By Michael Kinney
MEXICO – I used to be addicted to “The Love Boat.” Couldn’t tell you why a young kid in his pre-teen years enjoyed watching a campy show that followed the staff exploits of the cruise ship the Pacific Princess.
From Capt. Merrill Stubing to the doctor to Cruise Director Julie Mccoy, the cast was entertaining and funny. As the only black cast member, Ted Lange who played Issac Washington, the bartender, was my favorite character. He also had serious game and a mustache.
However, as much as I liked the comedy, which ran from 1977-87, it never sparked a passion to want to spend any time on a cruise ship. As soon I discovered football and hit puberty, I pretty much forgot about the Love Boat and any attraction I had for it.
So last year when it was suggested that my 30th high school class reunion be held on a cruise ship, I admit I was not the most excited about the prospect. I had hoped my classmates would latch onto another idea instead of being stuck in the middle of the ocean for a few days.
That was not the case. Overwhelmingly, the Lawton Eisenhower Class of 1992 voted to celebrate our 30 year reunion with a five-day stroll through the Caribbean in June.
While my excitement level was low heading into the cruise, it turned out to be a great experience on Royal Caribbean Grandeur of the Seas.
The crew and staff were amazing. I was fascinated by how hard they were working from before sun up to way past sundown. They always had a friendly attitude and I enjoyed getting to know a few of the ones who took care of us.
The excursions at Cozumel and Costa Maya were my favorite part. Others in the reunion group chose to hit the beach, go shopping or scuba dive. I wandered around the jungle checking out ruins and four-wheeling to cenotes and caverns.
The meals were top-notch. The braised lamb shank and every dessert top the list.
The best on-board entertainment may have been the Love and Marriage contest. A couple that had been married 54 years brought the house down and became local ship celebrities with their honest answers. (Hint: He had no love loss for her departed mother).
However, the main reason it was an amazing experience had to do with the 17 classmates (and family) who decided to take the journey. The people you choose to be around will dictate your level of enjoyment.
For our group, it started with Jackie Bridges. While I may have been the coordinator, it was Bridges who did all the heavy lifting in making the reunion special for each person in our group.
From gift bags to t-shirts to the little touches that I never would have thought about, Bridges went out of her way to make it an incredible experience. That includes finding Jennifer English to be our travel agent.

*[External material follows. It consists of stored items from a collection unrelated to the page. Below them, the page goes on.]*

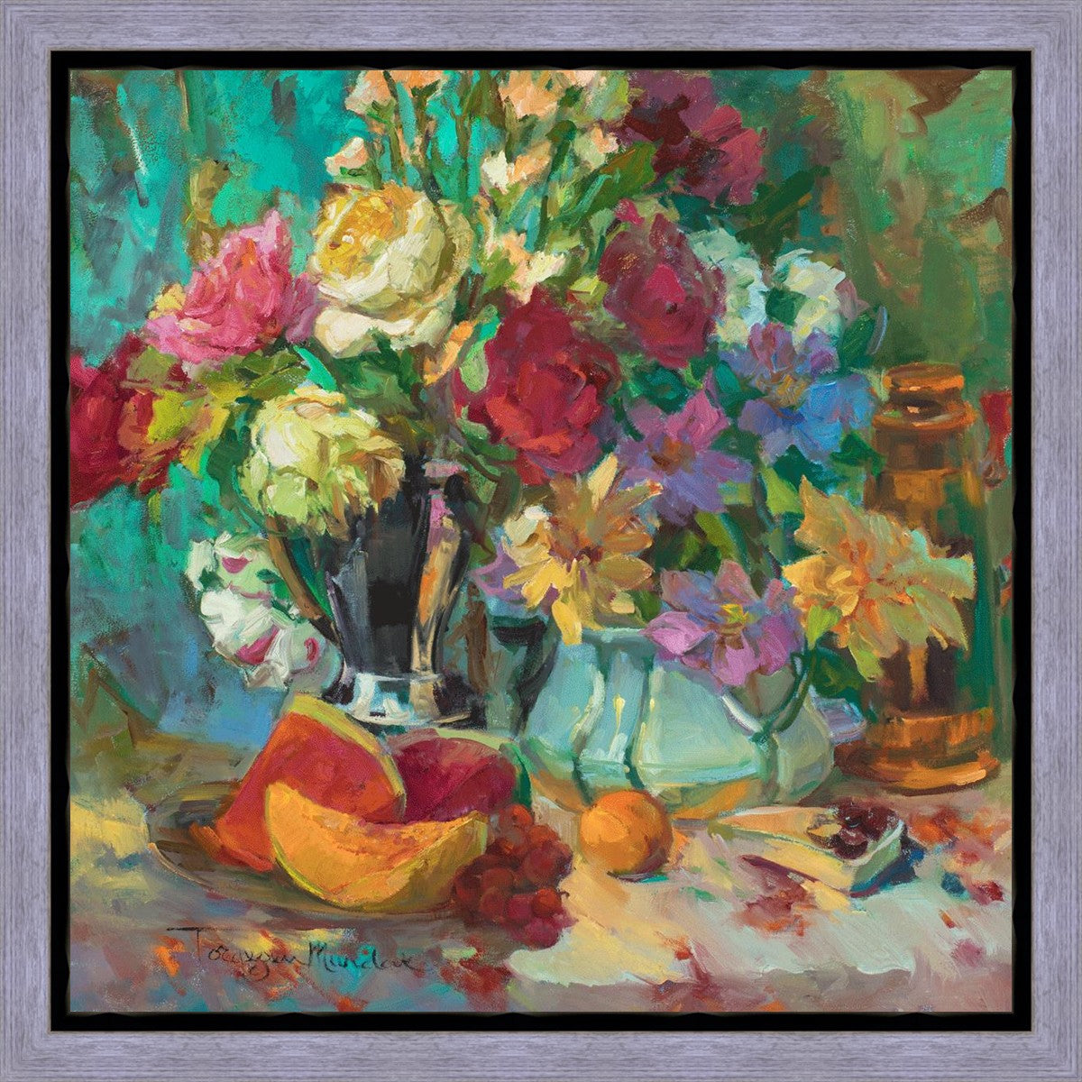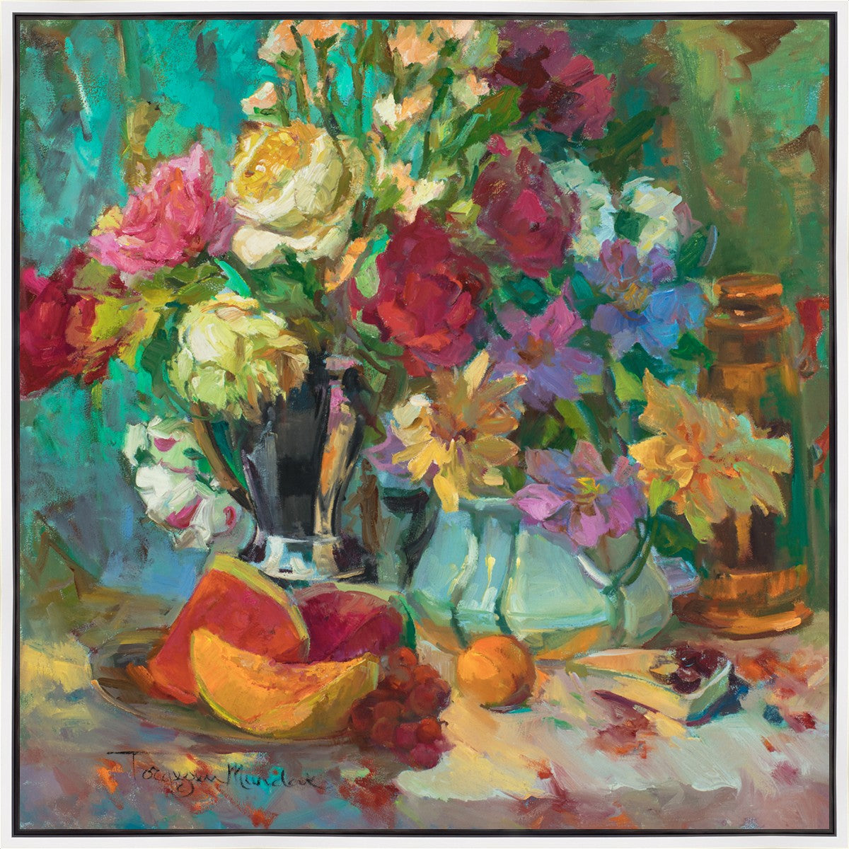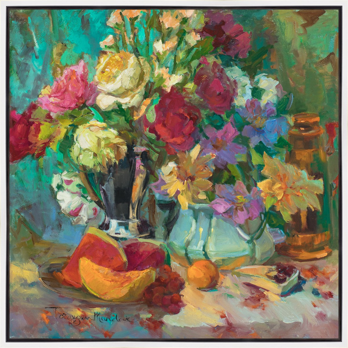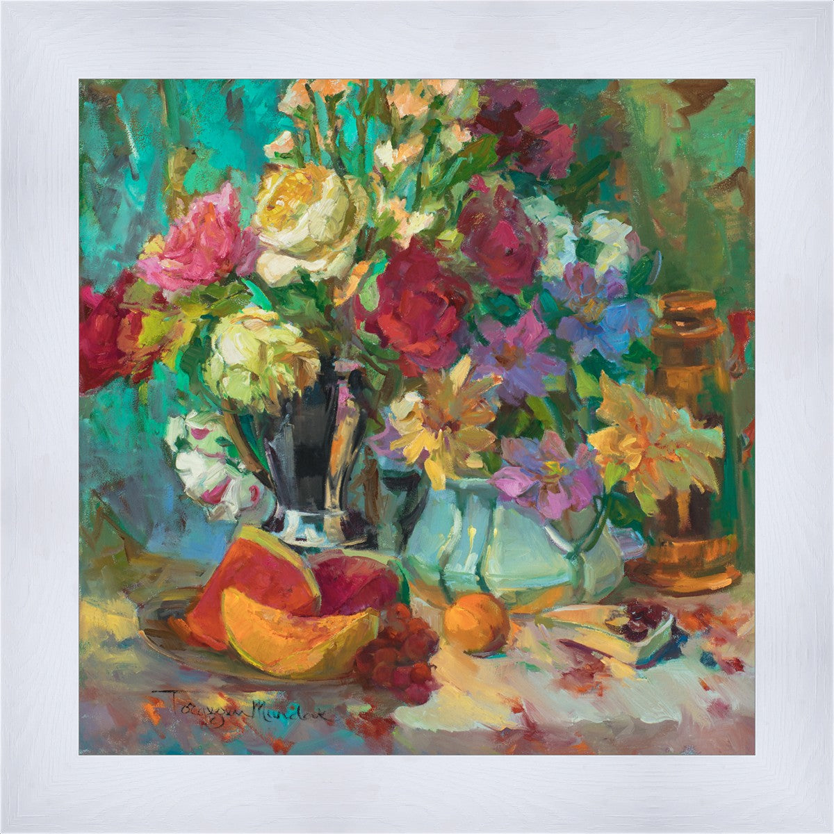 My artistic training has concentrated on making colors sing. The blues against the oranges, the warm centers of the flowers making the few petals jump, and the subtle shifts in the qualities of the whites allow for sophisticated color theory. This opulent breakfast set up showcases color, brushstroke, and harmony. It makes the viewer want to be in the picture, to touch the objects, and to be a part of a lovely moment. It is meant to raise the spirits and gladden the heart.
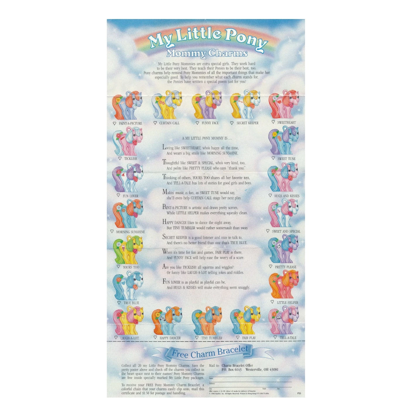 This vintage My Little Pony poster shows all of the Mommy Charms available and has a heart next to each one so you can check them off as you add to your collection. There’s also a “Free Charm Bracelet” certificate at the bottom of the poster.
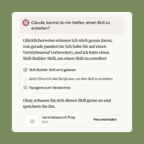 Skills geben Claude Details dazu, wie Sie Dokumente erstellen, Daten analysieren und Workflows automatisieren möchten, damit Sie jedes Mal konsistente Ausgaben erhalten.

During five days at sea, it can be easy to get worn down. But that is almost impossible with the
energy that came from Mary Kasales, Bianca Newton and Jackie McMillan. Every night, they were ready to dance, laugh and tell stories until the sun rose.
I was ready to tap out early a couple of nights, but those three ladies were the motivation to keep on going. That type of energy can’t be manufactured or duplicated.
Getting to know Joseph Bartnik and his family was a treat. That includes becoming a new hero to his son Joshua. I’m not sure that is how they see it, but I do.
I have known Kathy Allen, Jackie Russ, Aimee Knight, James Hunter and Suzanne Parrish since high school. I have known Missy Owens much longer than that. All the way back to elementary school days.
It could be considered a small group, it turned out to be a great size.
It was just a great crew to kick it with. No arguments, no bad encounters or issues that have festered for three decades. Besides terrible internet service and a few crying kids, it was just a group of friends enjoying each other’s company and reminiscing.
Whether it was running up the stairs of a Mayan Ruin, watching Newton work the karaoke mic, McMillan having an entire room of young people want to dance with her, taking part in a silent disco, or the reunion group throwing away $200 on the slot machine because everyone (but me) got greedy, there were too many memorable moments to count.
It was also needed. The past two to three years have shown all of us that tomorrow is not guaranteed. Whether it was from the Covid pandemic or any of the other diseases and disasters that take lives every day, several former Eisenhower classmates didn’t make it to 2022. They didn’t get the opportunity to celebrate with us. There will be even more who may not make it to see next year, much less the next reunion.
That thought more than any is what motivated me to go on the cruise and every reunion I can. I don’t want to be home regretting missing out on an experience.
So, while I may not be the prototypical guest or made for the cruising life or The Love Boat, I have no problem doing it again. Whether it’s a cruise, a trip to New Orleans or Puerto Rico, I’m all in as long as I am surrounded by the right people.